Algorithm-Based Pipeline for Reliable and Intent-Preserving Code Translation with LLMs

Code translation, the automatic conversion of programs between languages, is a growing use case for Large Language Models (LLMs). However, direct one-shot translation often fails to preserve program intent, leading to errors in control flow, type handling, and I/O behavior. We propose an algorithm-based pipeline that introduces a language-neutral intermediate specification to capture these details before code generation. This study empirically evaluates the extent to which structured planning can improve translation accuracy and reliability relative to direct translation. We conduct an automated paired experiment - direct and algorithm-based to translate between Python and Java using five widely used LLMs on the Avatar and CodeNet datasets. For each combination (model, dataset, approach, and direction), we compile and execute the translated program and run the tests provided. We record compilation results, runtime behavior, timeouts (e.g., infinite loop), and test outcomes. We compute accuracy from these tests, counting a translation as correct only if it compiles, runs without exceptions or timeouts, and passes all tests. We then map every failed compile-time and runtime case to a unified, language-aware taxonomy and compare subtype frequencies between the direct and algorithm-based approaches. Overall, the Algorithm-based approach increases micro-average accuracy from 67.7% to 78.5% (10.8% increase). It eliminates lexical and token errors by 100%, reduces incomplete constructs by 72.7%, and structural and declaration issues by 61.1%. It also substantially lowers runtime dependency and entry-point failures by 78.4%. These results demonstrate that algorithm-based pipelines enable more reliable, intent-preserving code translation, providing a foundation for robust multilingual programming assistants.

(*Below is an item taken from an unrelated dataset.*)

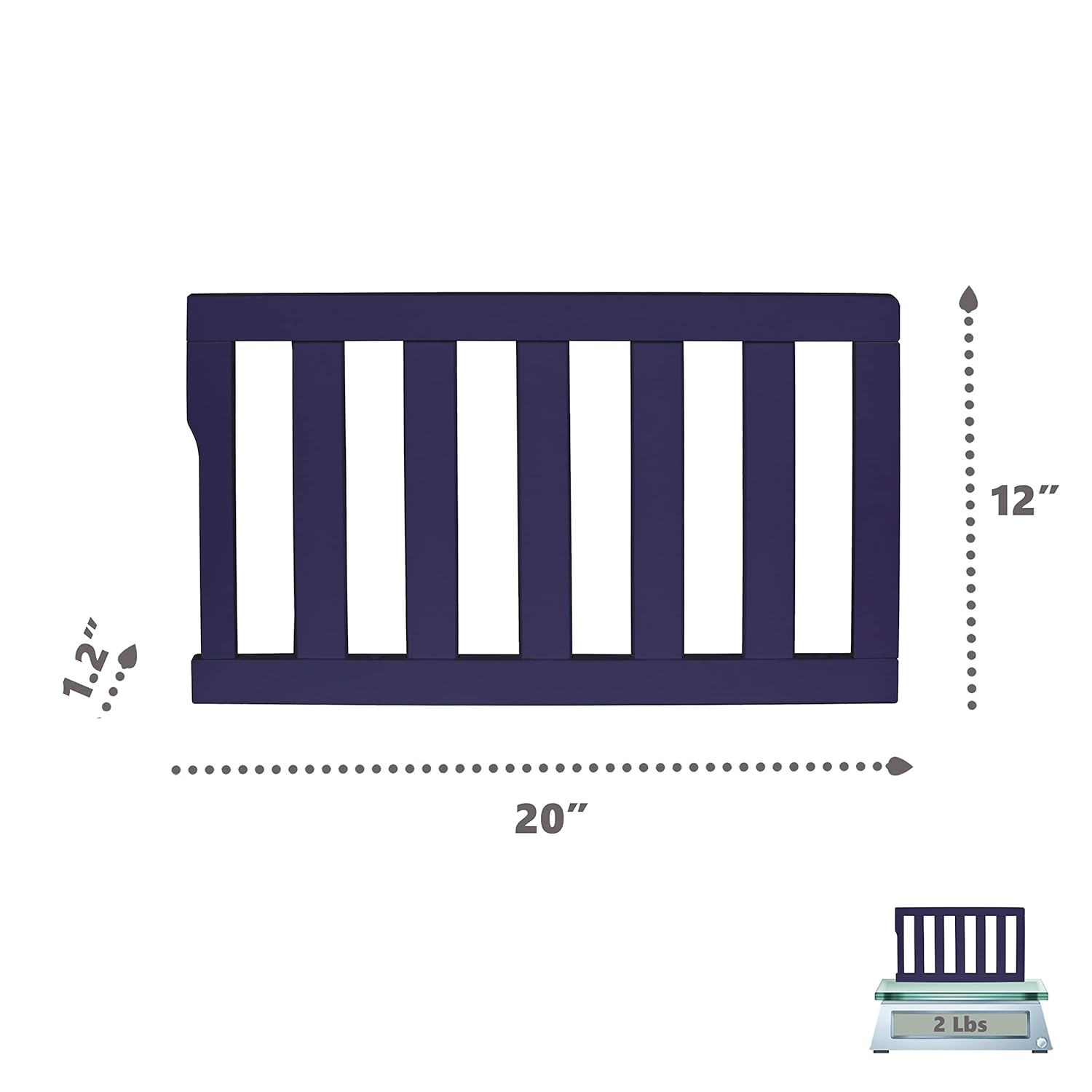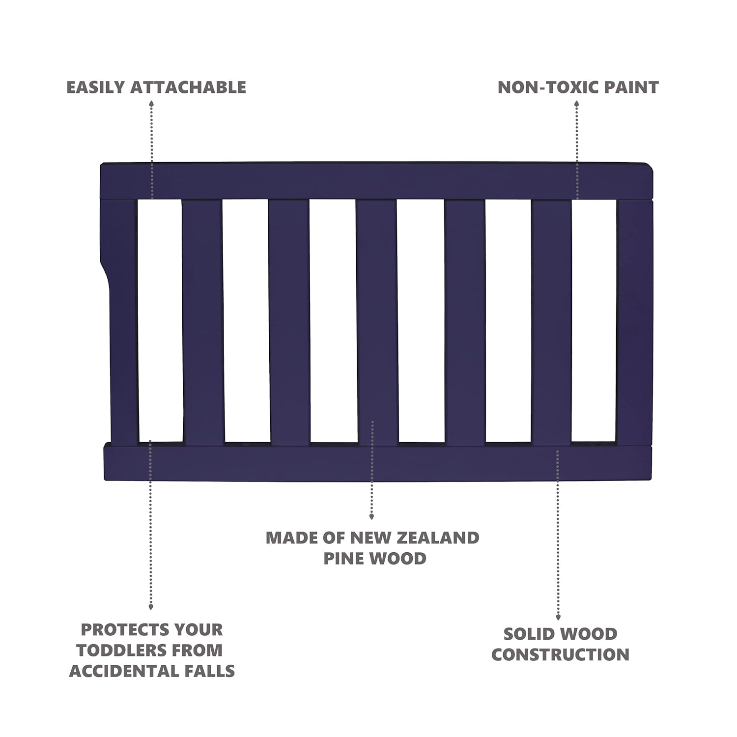 Convertible Crib Toddler Guard Rail In Navy, Converts Cribs To Toddler Beds, Solid Wood Construction

翻译：代码翻译，即程序在语言间的自动转换，正日益成为大型语言模型（LLMs）的重要应用场景。然而，直接的单次翻译往往难以保持程序意图，导致控制流、类型处理和I/O行为等方面的错误。我们提出一种基于算法的流水线，在代码生成前引入一种语言无关的中间规范来捕获这些细节。本研究通过实证评估结构化规划相较于直接翻译能在多大程度上提升翻译的准确性和可靠性。我们在Avatar和CodeNet数据集上，使用五种广泛采用的LLMs，设计了一项自动化的配对实验——分别采用直接翻译和基于算法的方法进行Python与Java之间的双向翻译。针对每种组合（模型、数据集、方法和翻译方向），我们对翻译后的程序进行编译、执行，并运行提供的测试用例。我们记录编译结果、运行时行为、超时情况（例如无限循环）以及测试结果。我们根据这些测试计算准确率，仅当翻译后的代码能够编译、运行无异常或超时且通过所有测试时，才将其计为正确。随后，我们将所有编译时和运行时的失败案例映射到一个统一的、语言感知的分类体系中，并比较直接翻译与基于算法的方法在各子类型上的出现频率。总体而言，基于算法的方法将微平均准确率从67.7%提升至78.5%（提高了10.8%）。它完全消除了词汇和词法错误（减少100%），将不完整结构问题降低了72.7%，并将结构和声明类问题减少了61.1%。同时，该方法还将运行时依赖和入口点失败大幅降低了78.4%。这些结果表明，基于算法的流水线能够实现更可靠、意图保持的代码翻译，为构建稳健的多语言编程助手奠定了基础。